Between mid-March and mid-May, alcohol sales in the United States grew 26.5% from the same period a year before. Experts weren’t surprised.
“We know historically when times are tough financially, people drink more,” Lauren Johnson, CEO and president of Rudy’s Markets in Oregon, recently told Winsight Grocery Business. “This is no different, sprinkled with a whole lot of unknowns in addition to just financially.”
Climate change is one of those unknowns. And with it comes the demise of some of our favorite drinks — no matter how much we need them in the future.
For example, The Local reported rising temperatures have forced harvests of wine grapes in France 18 days earlier than 40 years ago — with the earliest date in six centuries coming in 2020. These early harvests change how grapes interact with soils, making specific flavors harder to attain (and Merlot will likely be climate change’s first victim).
Heat isn’t inherently a bad thing, though. Warmer temperatures generally yield larger harvests and expedite ripening, producing grapes with more sugar and bold flavors and wine with higher alcohol content.
But if global temperatures soar past 3.6 degrees Fahrenheit by 2100 (which seems very likely), the land suitable for growing wine grapes could shrink by more than half. And it’s not only your cabernet sauvignon that’s at risk.
In a worst-case climate scenario, global beer consumption is expected to drop by 16% due to barley shortages, while prices could double. This barley shortage could also hurt whiskey production, a drink that will already be suffering in quality from heat waves, intense storms, and droughts that affect aging processes.
And think of all the other disasters, illnesses, and death we’ll be worrying about. Climate change is already fueling health and humanitarian crises, and if we continue doubling-down on fossil fuels, it’ll only get worse.
“The effect on beer is going to be the least of our worries,” David Reay, a climate scientist at the University of Edinburgh, told Nature. “I think in that kind of future, I probably will need a beer because it will be pretty bad.”
The best way to save the Planet and our cocktails is multi-faceted.
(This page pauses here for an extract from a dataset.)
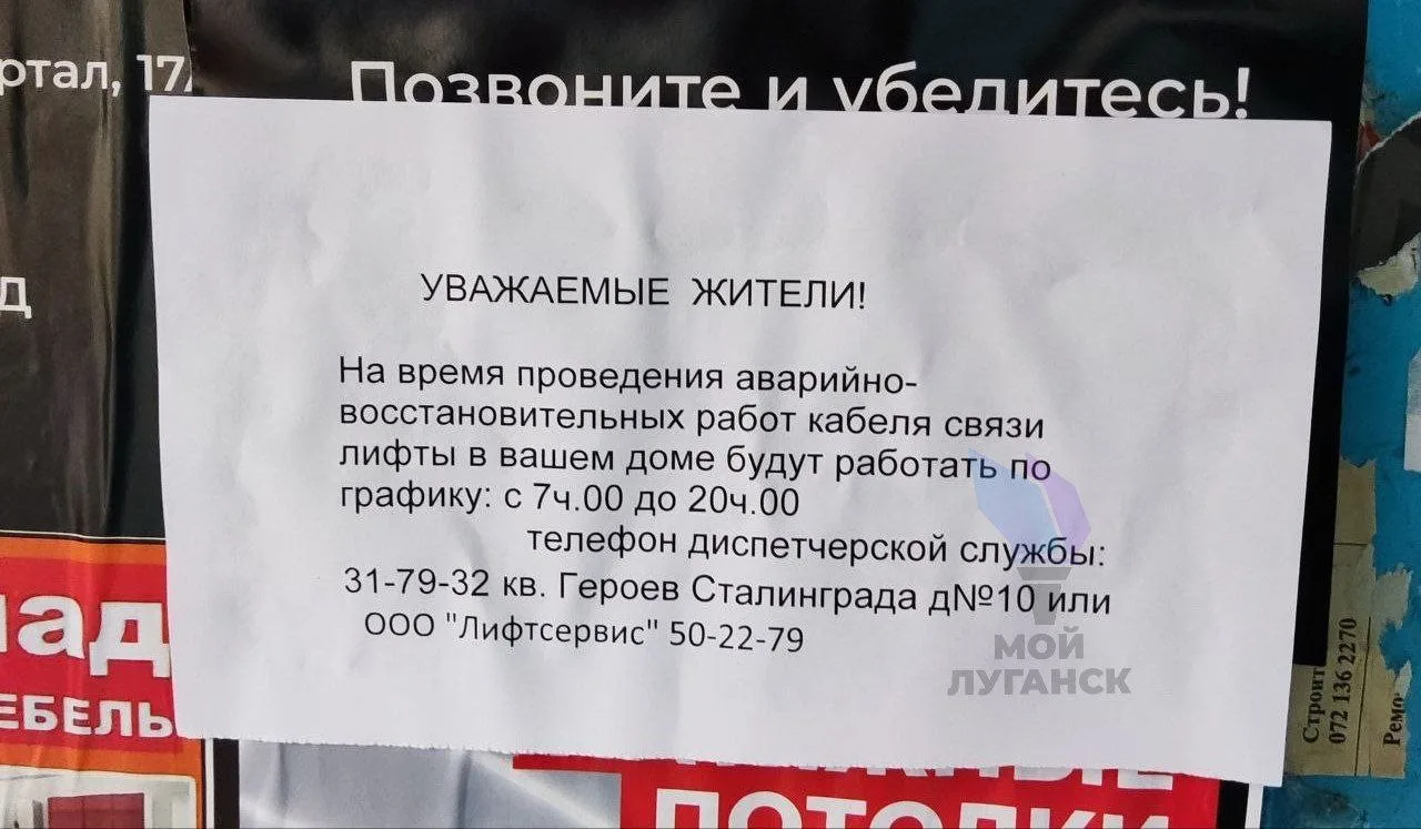 Возле подъезда несколько дней назад разместили объявление о работе лифтов с 7.00 до 20.00,но оно не соответствует действительности.

First, the beverage industry, which scored a disappointing 4.8 out of 10 in terms of sustainability earlier this year, must reduce its environmental impact.
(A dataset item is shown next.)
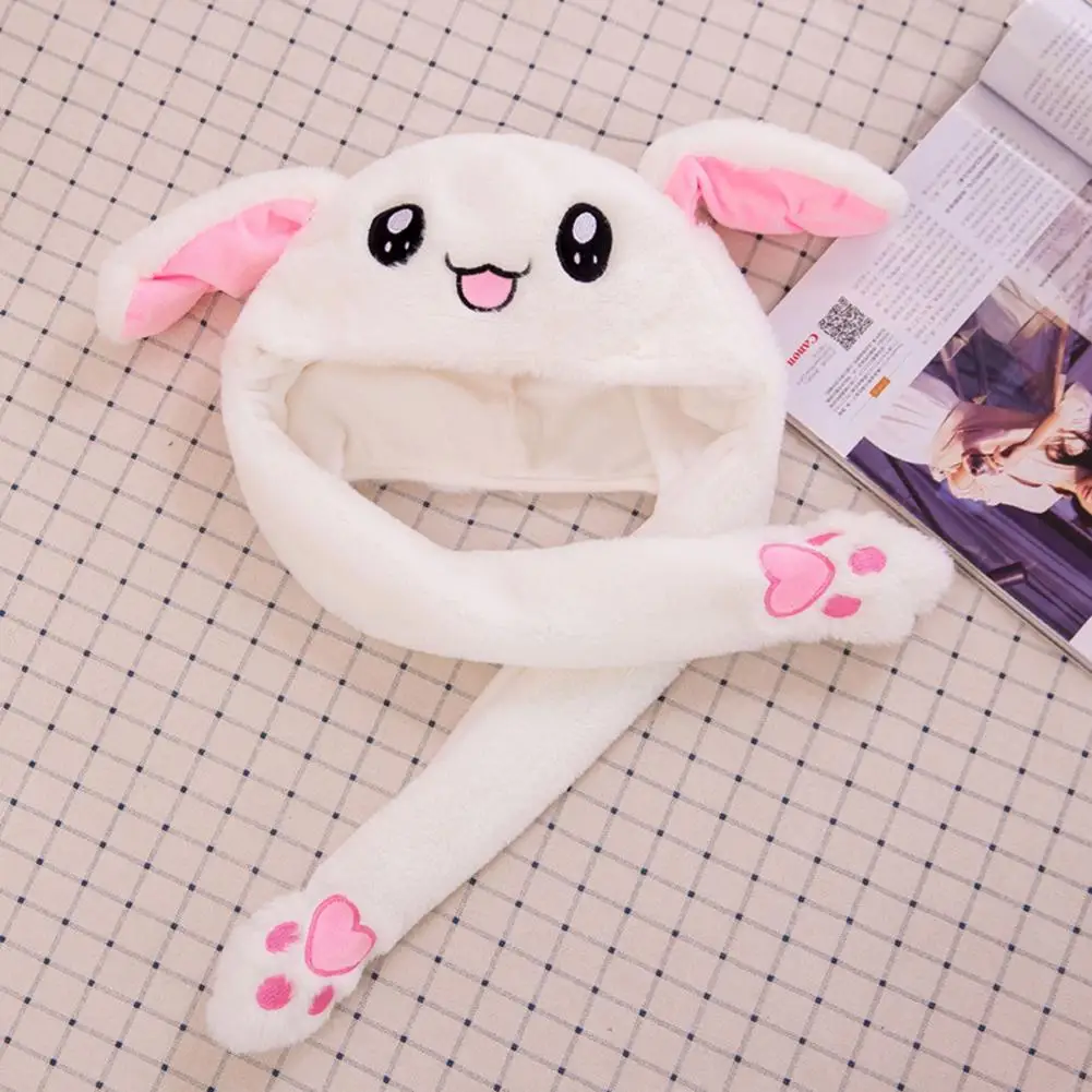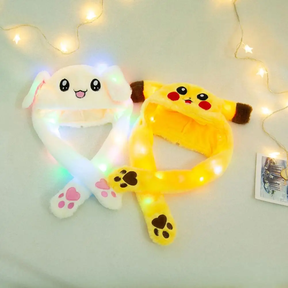 Милая светящаясясветильник ящаяся плюшевая шапка кролика, забавная игрушка для игры вверх и вниз, движущаяся подушка безопасности с ушками кролика, игрушка, шапка для девушки, детские подарки

Some companies are already working toward ambitious goals. Sierra Nevada Brewing Company, for example, diverts 99.8% of its waste by removing almost all their organic waste from wastewater and using a number of clean energy sources.
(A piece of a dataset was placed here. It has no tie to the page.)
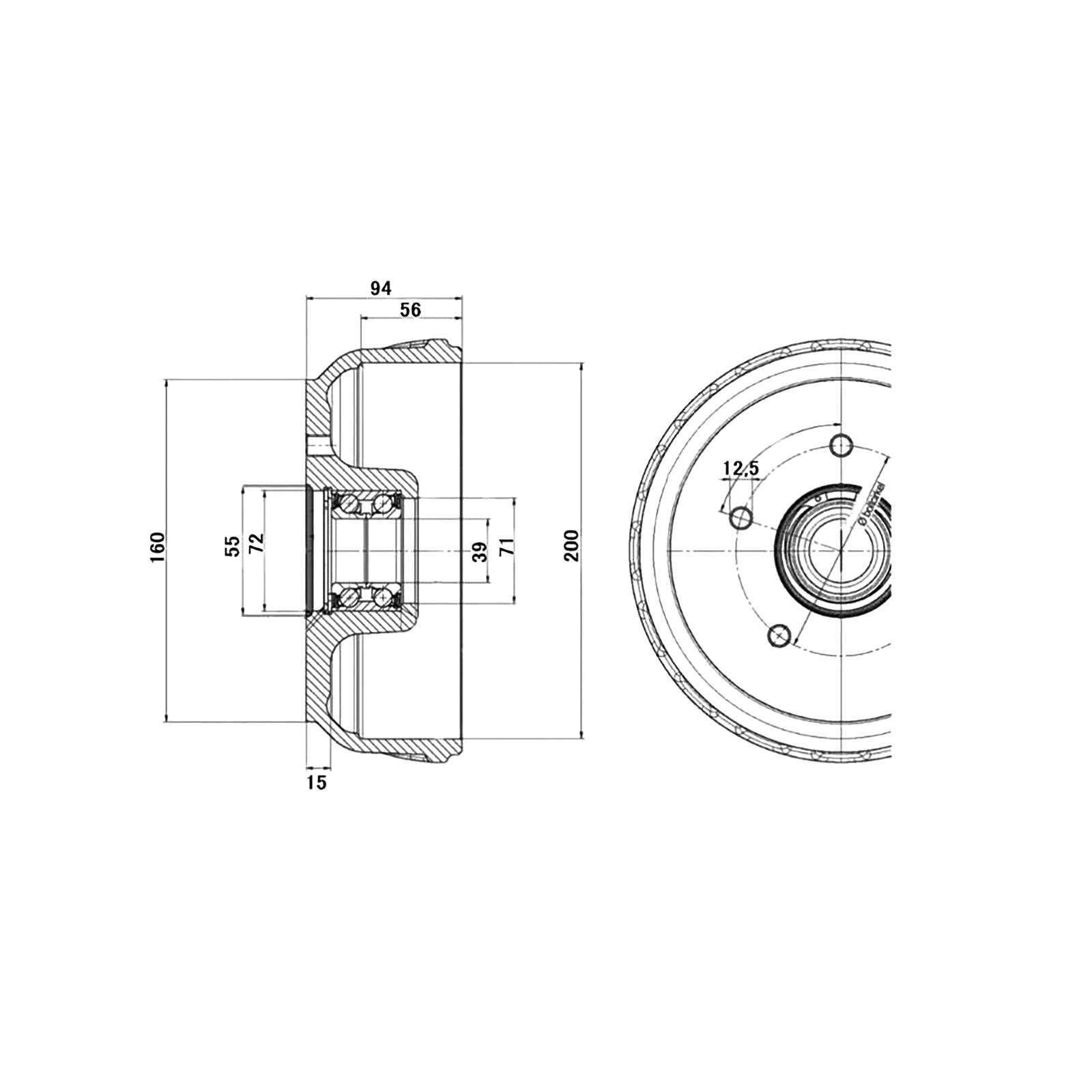 Bremstrommel, ⌀ 200 x 50 mm, für Radbremse AL-KO 2051, verstärkt 1500 kg, Lochkreis 112/5, mit  Kompaktlager ⌀ 39/72 x 37 mm

Second, farmers must adapt to the climate change already here. For one, if wine growers diversified their crops and included grapes suited to the changing climate, only 24% of suitable land would be lost, rather than 56% in a business-as-usual trajectory.
And it’s not all in the hands of the producers. Governments must invest in both mitigation and adaptation measures to limit the greenhouse gasses entering the atmosphere, while helping all farmers adjust.
Additionally, we can all use our wallets to hold our favorite brands accountable for climate action. Money talks, and companies, even huge ones, listen to shifts in consumer behavior.
Alcohol is not the best way to cope with impending doom, but it has historically gotten us through difficult times. And with the impacts of climate change, we have a lot more of those difficult times ahead of us.